Écrite le 25 avril 1429, cette tribune assume sa partialité : elle dit l’espérance d’une partie d’Orléans et de la cour de Bourges, non un fait ni un pronostic. Que la Pucelle soit envoyée du Ciel et qu’elle réussisse, nous l’espérons sans le tenir pour acquis ; de l’issue, nous ne savons rien.

Ce que l’on sait

  • Une jeune fille venue des marches de Lorraine, dite la Pucelle, s’est présentée à la cour du dauphin à Chinon à la fin de l’hiver et affirme être envoyée de Dieu pour secourir Orléans.
  • Elle a été soumise pendant plusieurs semaines à un examen par des clercs à Poitiers, sous l’autorité de l’archevêque de Reims, et le dauphin a résolu de se servir d’elle.
  • Une armée de secours se rassemble au château de Blois pour ravitailler Orléans assiégée.
  • Des prophéties prêtées à Merlin et à d’autres, annonçant le royaume relevé par une vierge des marches de Lorraine, circulaient déjà dans les campagnes avant la venue de la Pucelle.

Ce que l’on ignore

  • Si la Pucelle parviendra à faire lever le siège d’Orléans, et plus largement l’issue de la guerre : nul ne le sait.
  • La nature véritable de sa mission et de ses « voix » : envoyée de Dieu, comme elle le dit et comme beaucoup l’espèrent, ou non — cela relève de la croyance, non de la preuve.
  • L’authenticité et la portée des vieilles prophéties qu’on lui applique, dont l’origine et l’exactitude ne peuvent être établies.
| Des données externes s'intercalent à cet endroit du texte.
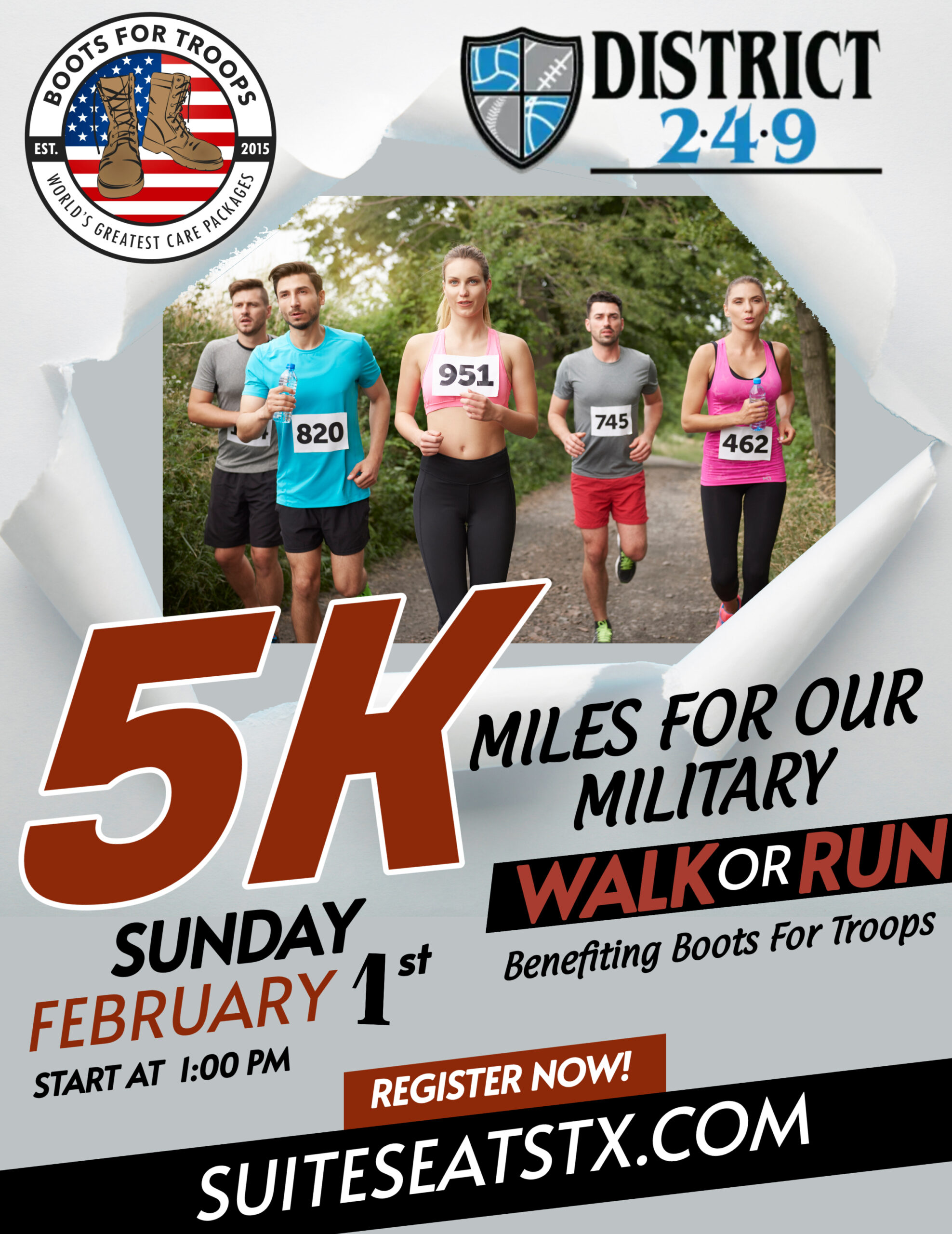 Get ready to lace up for a cause that hits close to home! Join us for the Boots For Troops 5K Miles For Our Military Run/Walk, a special event to raise money for Boots For Troops, which sends “The World’s Greatest Care Packages” to our deployed troops around the world.

Sources historiques utilisées

secondary

Jeanne d’Arc — Wikipédia

Origine, départ de Vaucouleurs, réception à Chinon, examen de Poitiers, présence au siège d’Orléans.

editorial-reconstruction

Reconstitution éditoriale — Les Échos du Passé

Les formulations « à chaud » imitent une feuille d’information du temps du siège ; reconstitution maison croisée sur les sources ci-dessus, sans rien avancer qui n’ait été recoupé.

Les lecteurs réagissent

Les lecteurs réagissent

Commentaires reconstitués : profils, sensibilités et disputes sont imaginés à partir des clivages du moment. La modération aussi a ses petites lâchetés.

5 commentaires
MarionDeLaTourNeuve 25 avril 1429, au matin

Merci d’écrire enfin le cœur chaud ! Depuis l’automne on ne nous sert que prudence et mauvaises nouvelles. Oui, Dieu choisit les humbles pour confondre les puissants, les Écritures le disent. À la grâce de Dieu, et que le Ciel garde la Pucelle !

👍 104 · 🚩 5
MaistreEnDivinité 25 avril 1429, à midi

Belle tribune, mais elle prend le désir pour la preuve. Que les docteurs de Poitiers ne l’aient rien trouvée de contraire à la foi, soit — cela dit qu’elle est bonne chrétienne, non qu’elle est envoyée de Dieu. Voyez les fruits avant de juger l’arbre : les fruits, à cette heure, on ne les a pas encore.

👍 49 · 🚩 21
PourLeGentilDauphin 25 avril 1429, à vêpres

On les aura, les fruits, et bientôt : une armée de secours marche sur Orléans, avec des vivres et des chariots. Ça, maistre, ce n’est plus rumeur de veillée. Priez donc au lieu de raisonner.

👍 71 · 🚩 9
AmiDeLaPaix 25 avril 1429, à vêpres

De vieux dits de Merlin pour gouverner un royaume : voilà à quoi l’on se raccroche. On plaindrait presque le pauvre monde qu’on berce ainsi de prophéties.

👍 6 · 🚩 52
AuPrixDuBoisseau 25 avril 1429, à la nuit

Prophétie ou non, l’article dit une chose qui me tient au ventre : des hommes, des vivres, des chariots, qui marchent. Voilà l’espérance qui se mange. Le reste, je le laisse aux clercs.